Inter-American Journal of Philosophy
- Discipline: Philosophy
- Language: English, Portuguese, Spanish
- Edited by: Gregory Fernando Pappas

Publication details
- History: 2010-present
- Publisher: Texas A&M University
- Frequency: Biannual
- Open access: Yes

Standard abbreviations
- ISO 4: Inter-Am.

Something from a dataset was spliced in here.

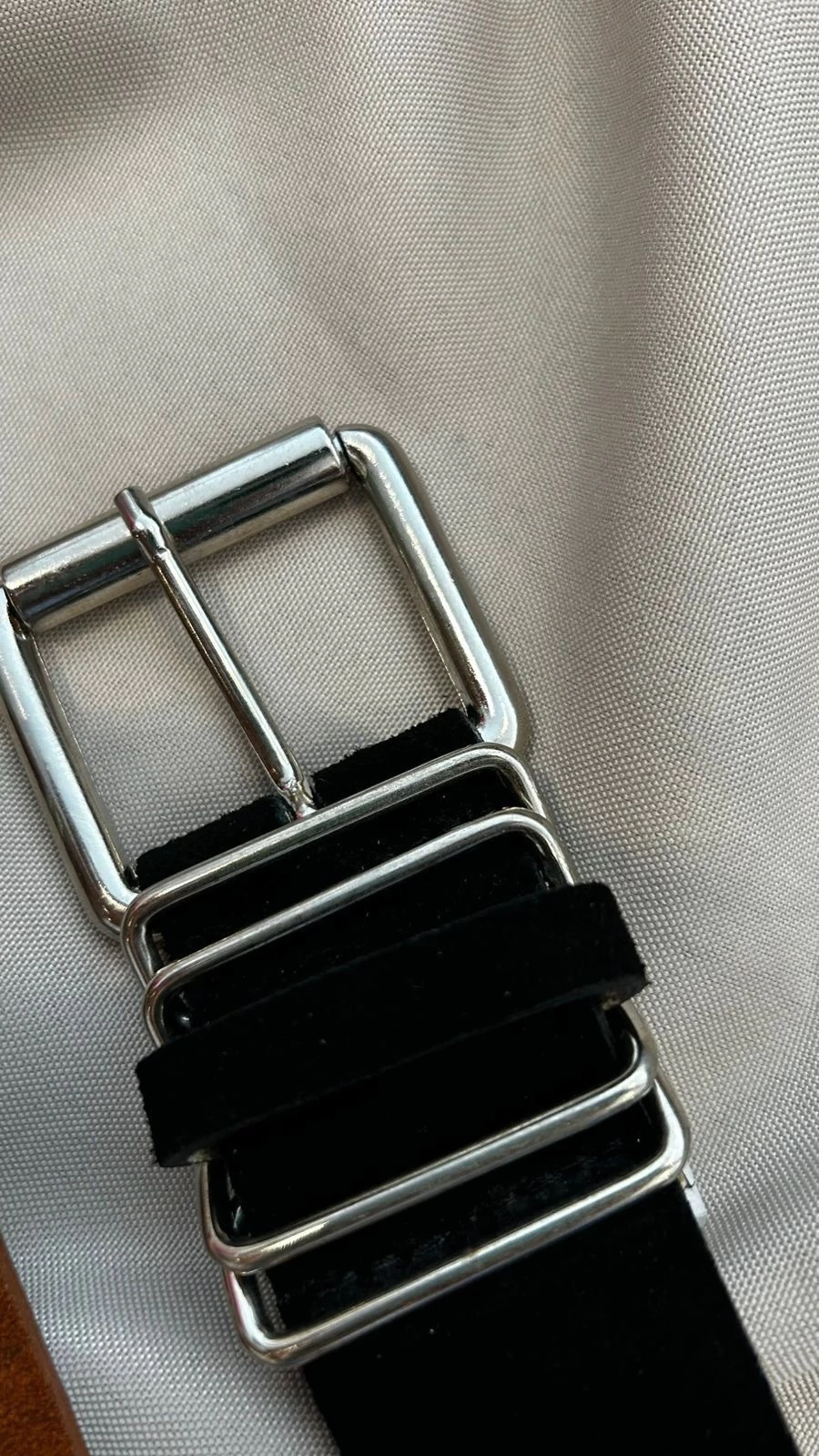 Este cinto é perfeito para complementar qualquer look, seja casual ou formal. Feito em camurça de alta qualidade, ele proporciona um toque sofisticado, enquanto a fivela prateada adiciona um detalhe moderno e charmoso.

J. Philos.

Indexing
- ISSN: 2157-1694
- OCLC no.: 660057872

Links
- Journal homepage;

= Inter-American Journal of Philosophy =

The Inter-American Journal of Philosophy is a biannual online peer-reviewed academic journal of philosophy established in 2010. It publishes papers in English, Portuguese and Spanish with a declared goal "to help bridge the gap in philosophy between the Americas by fostering a new philosophical dialogue", and "seeks to publish articles focused on past, present and possible future philosophical connections between philosophers and philosophic traditions in different parts of the Americas." The journal is abstracted and indexed by the Philosopher's Index. The editor-in-chief is Gregory Fernando Pappas (Texas A&M University).

As of January 2015 the members of the journal's editorial board are from Argentina, Brazil, Canada, Chile, Colombia, Guatemala, Peru, Spain, the United States and Uruguay, reflecting the "Inter-American" title.